Session 6: Languages of Distributed Systems

Date: July 21 8:30PM EDT/July 22 8:30AM HKT

Reading: gRPC Authors (2021) What is gRPC?

Questions and Discussion Points:

HTTP vs HTTP2: A Major Upgrade

  • Much of gRPC’s functionality is enabled by HTTP2
  • One of the biggest benefits of HTTP2 is it allows for full duplex communication; the web browser can make one request and get all of the data at once (server to client + client to server)
  • A lot of things got jammed into HTTP that it wasn’t necessarily designed for e.g. web sockets, long-term connections, etc.
  • HTTP2 is a binary format vs plaintext in HTTP; a lot of the issues in HTTP are due to plaintext encoding
  • Because of its binary format, HTTP2 adds security and massively improves performance e.g. variable inline encoding, compression, better performance management overall, etc.
  • HTTP is like the Model T in that Ford didn’t know we would build interstate highways; HTTP2 is focused on what the internet will look like in 30 years and now the question is when we’ll see it in browsers

API Design

  • RESTful APIs are designed to be human-readable whereas gRPC is generally for microservices communication since it is much faster, takes up much less memory, etc.
  • One design consideration is human-to-machine communication vs. machine-to-machine or service-to-service communication
  • gRPC is a strong contract about how to talk to each other between the data provider and data consumer; it’s a very firm and specific but it opens up flexibility for a wide range of business use cases
  • gRPC is used widely in microservices e.g. shopping cart management services that talk to inventory management services, etc.
  • gRPC allows for pre-processing or “pre-code” to be run before services can talk to each other, which means strict communication protocols e.g. the service has to conform and meet certain requirements before it can talk to another service
  • gRPC is useful for advanced services such as moving around large amounts of data between services
  • Restful APIs are suited for external programs since they allow for flexibility whereas gRPCs could be better for internal services because they can tightly control design architecture e.g. Google as an example. gRPC is more efficient for asynchronous communication vs REST which is better for sequential communication
  • Generally, gRPCs are well-suited for intelligent distributed systems because of its dependence on HTTP2 and its point-to-point communication (that is initiated by one point, not either)
  • There are other lower-level libraries like ZeroMQ that could be useful for distributed systems

Protocol Buffers in The Wild

  • Probably many of us have used protobufs because that’s how Tensorflow works e.g. passing messages between the neural network layers
  • Tensorflow has several protobuf and gRPC dependencies; for example, TensorFlow Serving, where models are hosted, is gRPC

Programming Languages & Distributed Systems

  • Languages that get closer to the core of how the computer/machine communicates seem to be better for distributed systems
  • In contrast, a language like Python is designed to be more human-readable and is less suitable for distributed systems
  • While protocol buffers are meant to be language agnostic, gRPC is especially popular with C++ and Golang developers, which makes sense when you think about the built-in coroutines (or Go routines) and channels that are features of those languages. Similar to the reason that Python developers like JSON so much, since it can be seamlessly converted into dictionary objects.

Related Resources

Session 7: Takeaways from HotStorage 2021

Date: July 28 8:30PM EDT/July 29 8:30AM HKT

Reading: This week, instead of a shared reading, please register and attend some portion of HotStorage 2021, so that we can discuss highlights and takeaways during our usual meeting time.

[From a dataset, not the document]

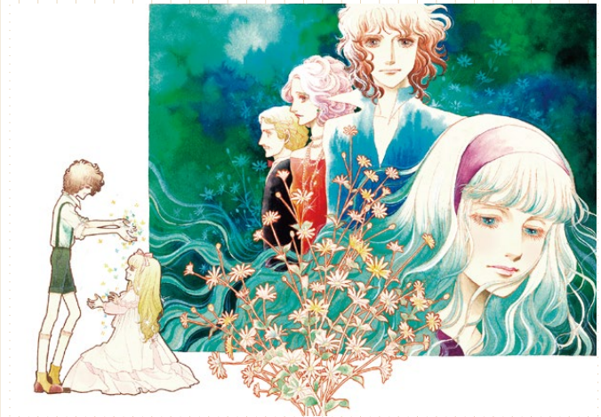
砂の城「りぼん」1977年7月号 扉(部分)

Questions and Discussion Points:

Key Papers

Terms of Interest

  • “NDP” - near data processing; a big focus of the conference. Managing hundreds of storage nodes, making the data more distributed
  • “CRDTs” - conflict-free replicated datatype
  • “LSM tree” - log-structured merge tree
  • “SSD” - solid state drive
  • “RPO” - recovery point objective
  • Blocks vs Rocks - Blocks are uniformly sized vs. rocks, which are more flexible and variable-sized and supports more granularity and more/ different types of file sizes; PebbleDB is smaller rocks
  • Shards vs Slices vs Stripes
  • “rowhammering”
  • PFS: why no global IDs?
  • Two-phase backup scheduler

Types of Consistency

  • We mostly have been talking about eventual consistency so far. Consistency is about what users can expect from a system.
  • As you move up the spectrum toward strong consistency, the more coordination is needed i.e there is a lot of message traffic, which often leads to degraded performance, which runs into the CAP problem.
  • There is a spectrum from weak to strong consistency:
    • “weak consistency”: No guarantee that systems will converge
    • “eventual consistency” (and “strong eventual consistency”): If you stop writing, the system will eventually become consistent.
    • “causal consistency”: guarantees all processes observe causally-related operations in a common order.
    • “sequential consistency”: Ordered operations that are observable e.g. the Lamport paper
    • “strong consistency” (aka linearizability): For every person on earth there is a single order of operations. Spanner is probably the closest example we’ve looked at so far.

New Technologies

  • Databases, File Systems, and Object Storage

    • CockroachDB
    • YugaByte
    • RocksDB
    • PebbleDB
    • ElmerFS
    • Lustre and BeeGFS (Parallel file systems)
    • Minio
    • Ceph
    • Storj.io
    • etcd
  • Consensus Algorithms

    • Raft
    • Multi-Paxos
    • EPaxos
    • Pig Paxos
  • Libraries

    • DeepLog

General Questions

  • Why is it called “Hot Storage”?

    • Originally called “Hot Topics in Storage Systems”; follows from a series of “Hot” topics in computer science such as security, networking, etc.
    • The name Hot Storage is also connected to electrical engineering and it’s relation to storage systems i.e. thousands of spinning discs
    • Attracts a lot of interesting domains e.g. bioinformatics, DNA storage systems, ML and optimization - very interdisciplinary
  • What’s with the emphasis on flash storage?

    • Might have to do with the hardware available to the participants; best way to experiment and try out new ideas and configurations.
  • Is it common for there to be so many theoretical papers (compared to ones with experimental results)?

    • Hot Storage has become a primary publishing venue for grad students; it gives researchers the opportunity to share/ discuss research even if they don’t have complete results yet
  • Not a lot of representation from the big cloud folks - Google, Amazon, that other one. Why is that?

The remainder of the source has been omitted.